What is expected
Using the records below, give again exactly the lines from the line that contains "Житель нової вулиці" through the line that contains "当前位置: 91家纺网 >", both ends included, and only those.

The data
Start of Block

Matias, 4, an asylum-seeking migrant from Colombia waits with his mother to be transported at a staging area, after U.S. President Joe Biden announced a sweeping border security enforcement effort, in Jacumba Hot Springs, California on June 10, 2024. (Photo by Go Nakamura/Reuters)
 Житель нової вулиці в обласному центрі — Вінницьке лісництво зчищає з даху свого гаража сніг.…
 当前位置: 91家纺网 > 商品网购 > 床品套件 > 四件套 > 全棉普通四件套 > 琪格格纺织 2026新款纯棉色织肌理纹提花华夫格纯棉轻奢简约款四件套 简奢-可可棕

End of Block
Start of Block

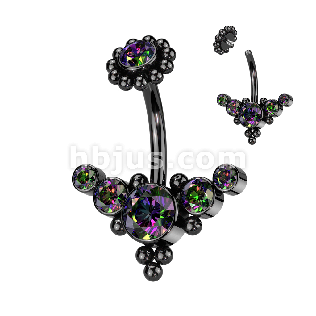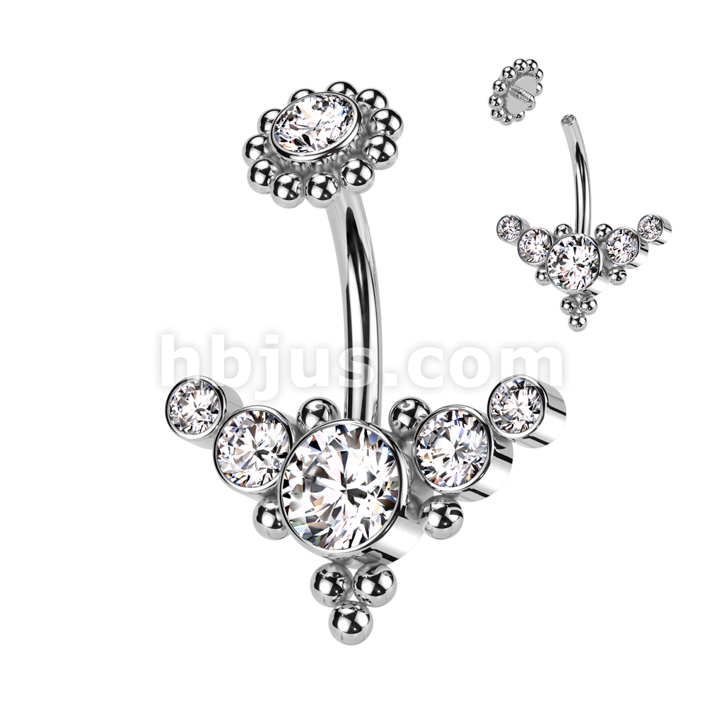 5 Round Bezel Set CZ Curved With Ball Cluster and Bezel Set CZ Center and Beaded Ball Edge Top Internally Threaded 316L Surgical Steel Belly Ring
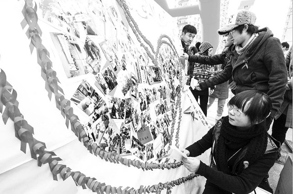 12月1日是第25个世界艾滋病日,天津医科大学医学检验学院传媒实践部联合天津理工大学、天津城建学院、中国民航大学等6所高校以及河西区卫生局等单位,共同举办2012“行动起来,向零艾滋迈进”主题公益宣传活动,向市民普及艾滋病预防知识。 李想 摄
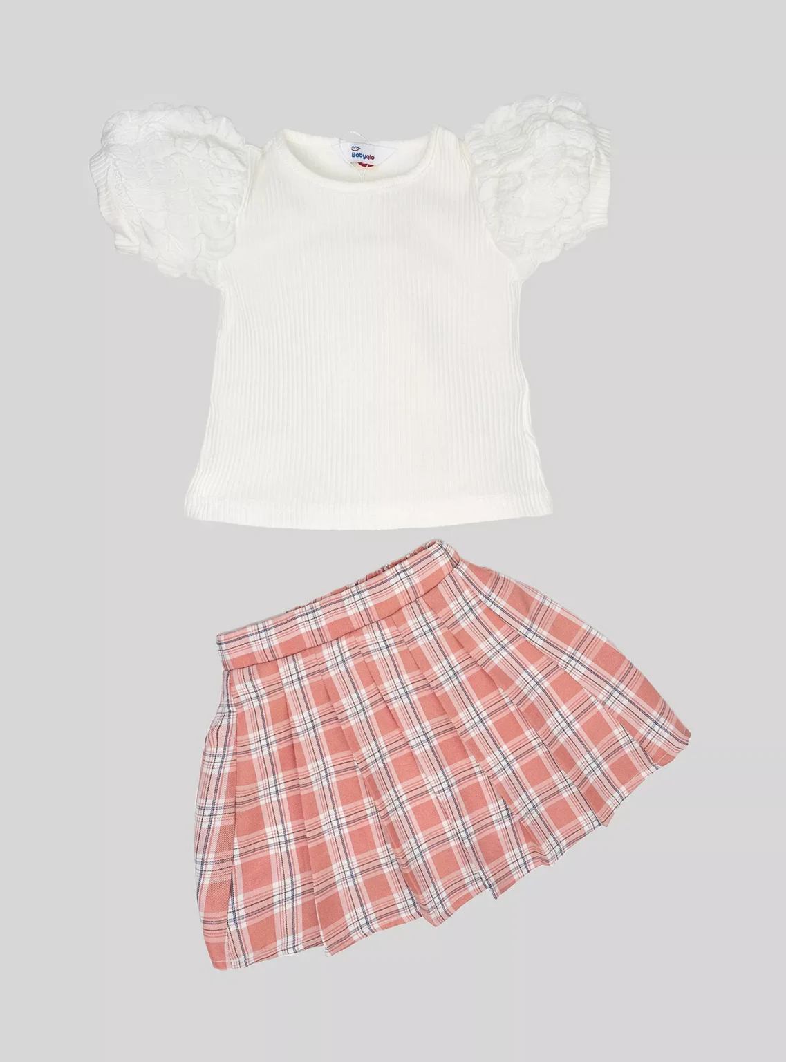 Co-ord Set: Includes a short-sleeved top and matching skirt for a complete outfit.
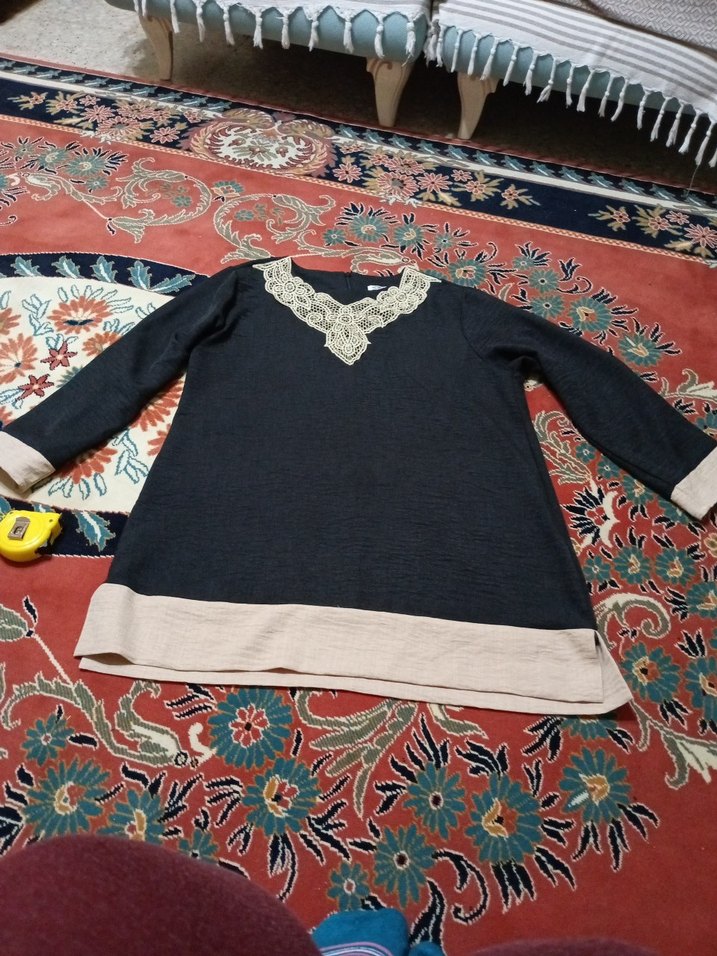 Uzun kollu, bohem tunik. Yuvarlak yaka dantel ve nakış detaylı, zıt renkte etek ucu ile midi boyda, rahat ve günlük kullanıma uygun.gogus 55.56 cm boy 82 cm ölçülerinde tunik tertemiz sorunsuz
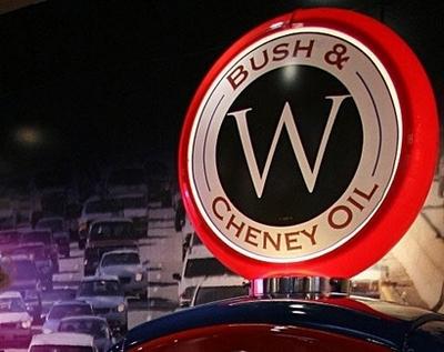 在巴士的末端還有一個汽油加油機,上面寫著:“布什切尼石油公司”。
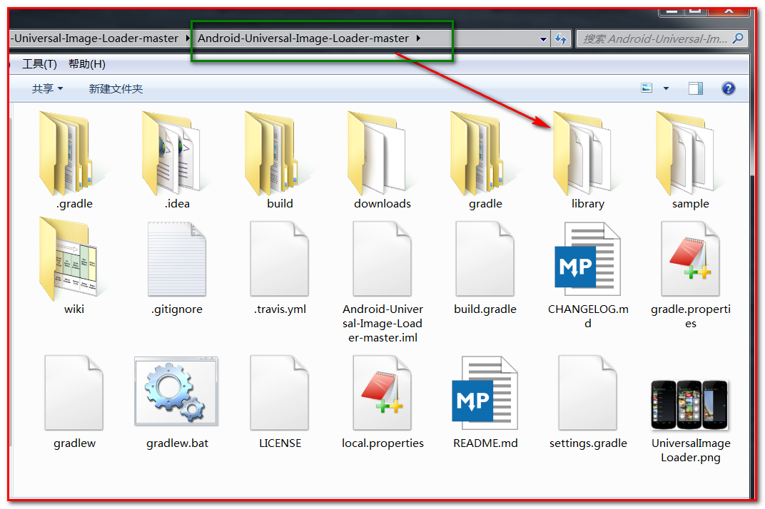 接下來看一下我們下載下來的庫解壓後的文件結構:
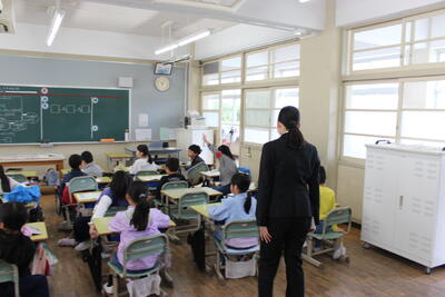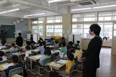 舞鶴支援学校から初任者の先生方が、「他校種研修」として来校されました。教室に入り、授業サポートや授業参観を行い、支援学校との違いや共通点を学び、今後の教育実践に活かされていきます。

End of Block

Exercise answer
 Житель нової вулиці в обласному центрі — Вінницьке лісництво зчищає з даху свого гаража сніг.…
 当前位置: 91家纺网 > 商品网购 > 床品套件 > 四件套 > 全棉普通四件套 > 琪格格纺织 2026新款纯棉色织肌理纹提花华夫格纯棉轻奢简约款四件套 简奢-可可棕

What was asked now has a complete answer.